What went wrong? Did we measure out the right chemical concentrations? Is the pH meter broken?
Etc. etc. etc. In other words, they are less likely to conclude that their main theory is incorrect, than to invent hypotheses about why the experiment has given the wrong answer. Notice the irony.

 

G) The very important concept of "experimental controls": When testing medicines, "placebos" are an important kind of control, to test whether apparent effects of some drug might have been the same if the patient had not taken the drug, but only a "sugar pill". That can often happen for psychological reasons. "Sham operated" animals are often used as surgical equivalents of placebos, in the sense of just cutting an animal open, and then sewing him up again, and letting the wound heal.
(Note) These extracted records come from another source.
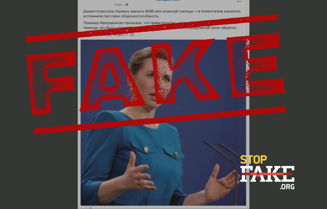 Ни премьер-министр Дании Метте Фредериксен, ни представители датского правительство не просили Украину вернуть деньги за ранее оказанную военную помощь. Российский агитпроп просто придумал такую новость, чтобы в очередной раз попытаться дискредитировать союзнические отношения Украины со странами-патнерами.
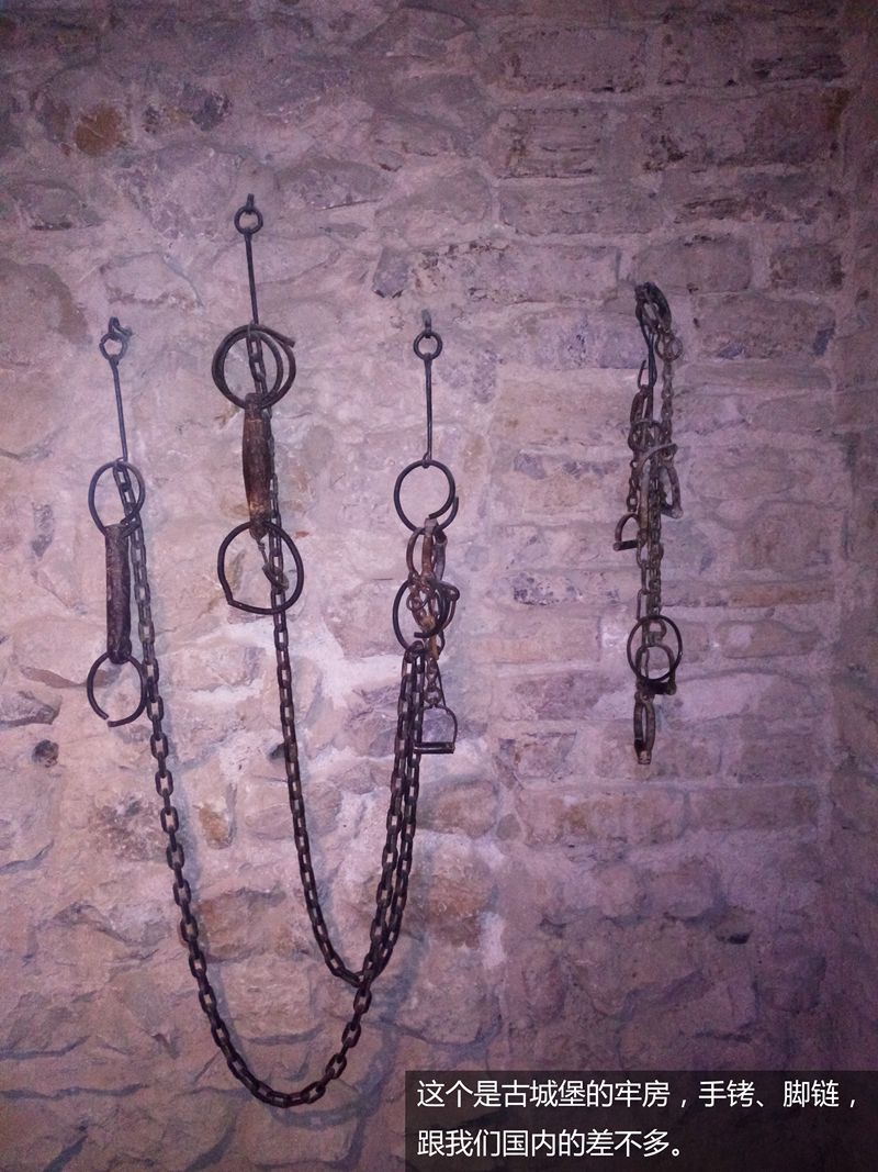 這個是古城堡的牢房,手銬、腳鏈,跟我們國內的差不多。
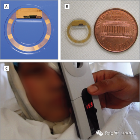 而有关24小时眼压监控的最新研究,将设备更进一步改良,发展出植入式无线眼压监控仪(Implanted Wireless Device For Monitoring Intraocular Pressure)。在病人接受白内障手术时,同时植入监控仪器(图2),仪器有特别的供电及数据存储装置,无需外接外界的任何设备,只需医生手持数据读取仪器在眼球前面进行扫描,即可获得眼压数据。而这一研究亦开始应用在病人身上,最新的数据发布在国际权威杂志上,短期研究结果显示所植入的仪器未有引起任何眼部副作用,医生亦能稳定地获得眼压度数。甚至有研究提出将微型感应晶片植入人工晶体内(图3),如此将更提高测量的质量。
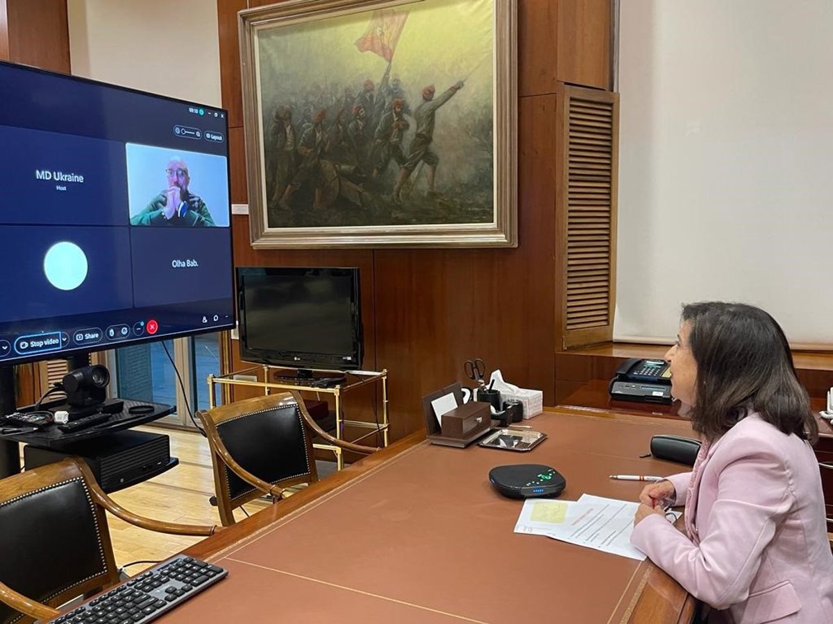 La ministra de Defensa, Margarita Robles, ha mantenido una conversación por videoconferencia con su homólogo ucraniano, Oleksii Reznikov, desde las sedes de sus respectivos departamentos, en la que le ha informado de la actualización de los envíos de material y equipamientos en curso desde España, además de detallar las previsiones de futuras entregas a lo largo de las próximas semanas.
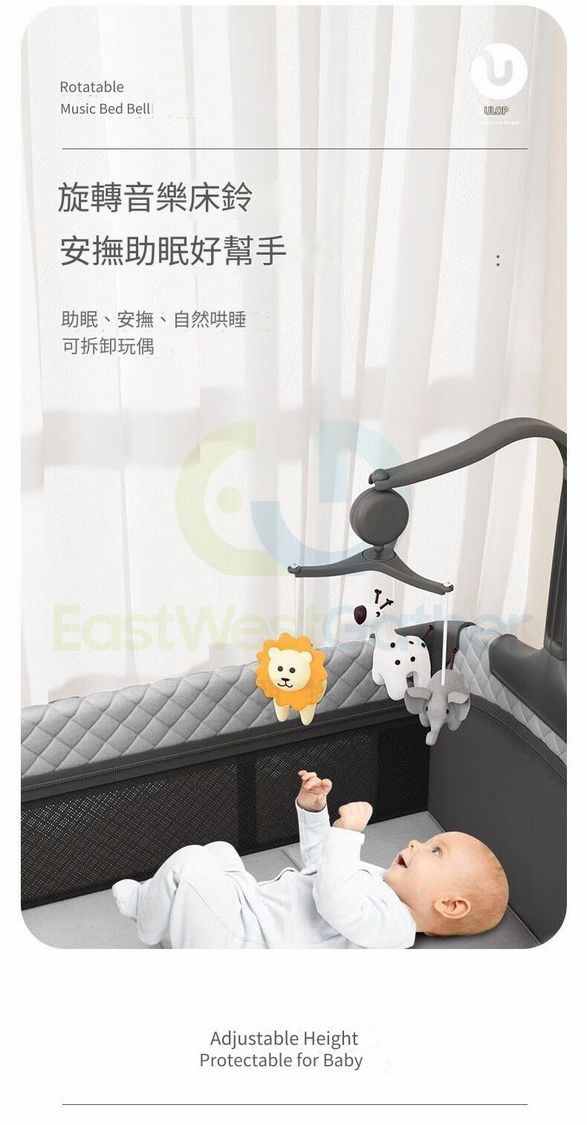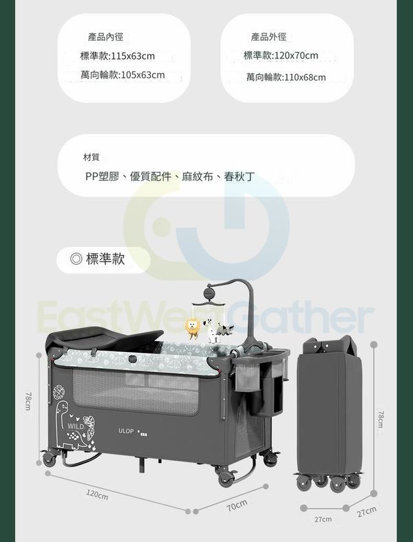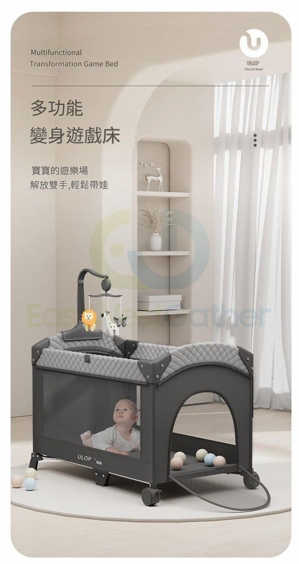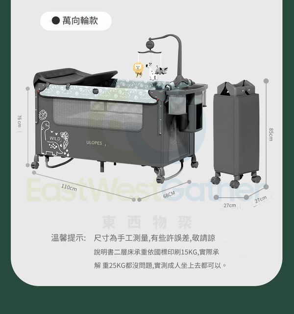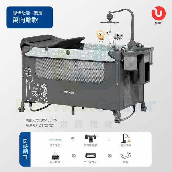 包送貨-小恐龍-【陞級萬向輪款搖搖床】 新生嬰兒床 兒童床 寶寶床 BB床 可拼接升降嬰兒遊戲床(T21043-03)
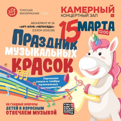 На празднике музыкальных красок эта яркая, мощная, выразительная палитра звучащих чудес представит гостям Камерного зала самые известные музыкальные произведения классической и современной музыки, а также любимые детством напевы.
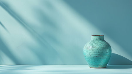 Turquoise ceramic vase sits on light blue surface with matching background
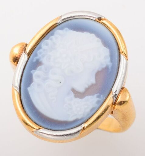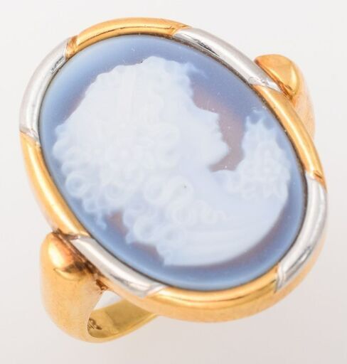 リング: K18/Pt900 ストーン(アゲート・メノウ)カメオ
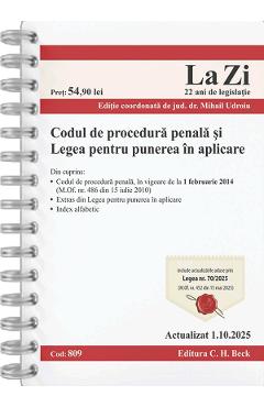 • Codul de procedura penala si Legea pentru punerea in aplicare Act. 1 octombrie 2025 Ed.Spiralata - Mihail Udroiu - C.H. BECK
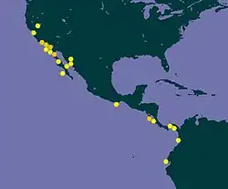 This marine species occurs in the Pacific Ocean from Santa Barbara, California to Colombia and Peru.; depths: 3–100 m, rarely to 305 m.
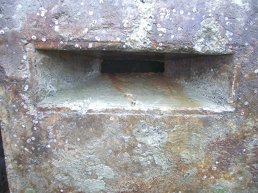 Der Splitterschutzunterstand wurde in Folge der Demilitarisierungsmaßnahmen Ende der 1940er Jahre am Uferbereich versenkt.
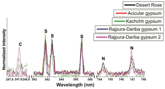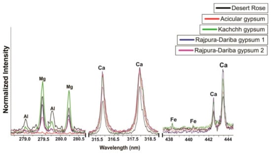 The differentiation of LIBS spectra of similar types of samples is difficult by visual inspection, but careful analysis of the spectra reveals differences in the intensity of the gypsum samples because of their variable elemental concentrations. The wavelengths of different spectral lines that were present in the LIBS spectra of all five gypsum samples have been identified while using the NIST atomic spectroscopic database []. Figure 5, Figure 6, Figure 7 and Figure 8 display details of the spectra, together with the identified elements.
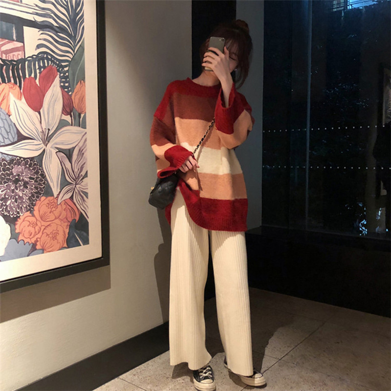 Red strip sweater beige pants single piece of red wool sweater single piece beige pants (fall suit women's two sets 2020 new wearing ride-hailing retro chic ocean pie

Surgery itself can sometimes simulate the changes expected from removing a particular tissue.

Many experiments have been misinterpreted because the researcher didn't do the right controls, and it used to be a cliché among PhD students that MDs didn't do enough controls. Unfortunately, the word "control" can be misleading. I think it must come from keeping variables constant, like temperature. One speaks of controlling that variable. Other kinds of control include injecting the protein serum albumin, in experimental tests of the effects of some particular protein. This control experiment answers the question "Would other proteins have worked just as well". Sometimes artificial nucleic acids, or DNA isolated from bacteriophages, are used as controls in experiments intended to test whether DNA of a particular gene will cause a certain specific effect.

A good example of a control that wasn't obvious was when Barbara Danowski (when a student here) treated some cells with microtubule poisons after their cytoskeleton had rearranged in response to tumor promoters. Other scientists had hypothesized that the induced rearrangement of the cytoskeleton might depend on transport of materials along microtubules (for example by dynein). They tested this hypothesis by treating cells with medium that contained microtubule poisons and tumor promoter chemicals; and they discovered that the cytoskeletal rearrangement didn't occur, which seemed to confirm their hypothesis about dynein-like transport. A key part of how Ms. Danowski earned her PhD, and then a professorship, was by testing what will happen if you treat cells with the tumor promoter, let the cytoskeleton get disrupted, and THEN add the microtubule poison. She discovered that the cytoskeleton then goes back to its previous, normal, geometric arrangement it the cells, and that they also become more strongly contractile. This has major implications for the use of microtubule poisons in cancer treatment.

When you make a hypothesis, from which you predict some particular experimental result, and then when you do the experiment, the result matches the one you predicted, only the best scientists will seriously ask themselves: "Yeah, but did that result occur for some completely different reason?"

II) The "Double Helix" method of gaining scientific fame and fortune:

A) Figure out which scientific subjects are over-due for some revolutionary breakthrough.
(Good criteria are accumulation of paradoxes and pseudo-explanations for which there is really not much supporting evidence, and lots of surprising observations that no one expected or can explain, and that have been swept under the rug.)

B) Hang around places like Woods Hole, Cal Tech, Cambridge (either the English one or the Massachusetts one), and listen to conversations among scientific big shots.

C) Borrow other scientists' data, and base a new theory on it.

D) Be lucky, and disparage those who helped you succeed; concentrate attention on yourself.

Although I include this method facetiously, it is the method that we are going to use in this class!
(With the exception of "D", and that we have to read Nature rather than go to Cambridge)

 

III) The "Bioassay" method, (which was very popular from the 1930s until recently).

A) Hypothesize that the phenomenon you are interested in is controlled by a specific unknown chemical substance.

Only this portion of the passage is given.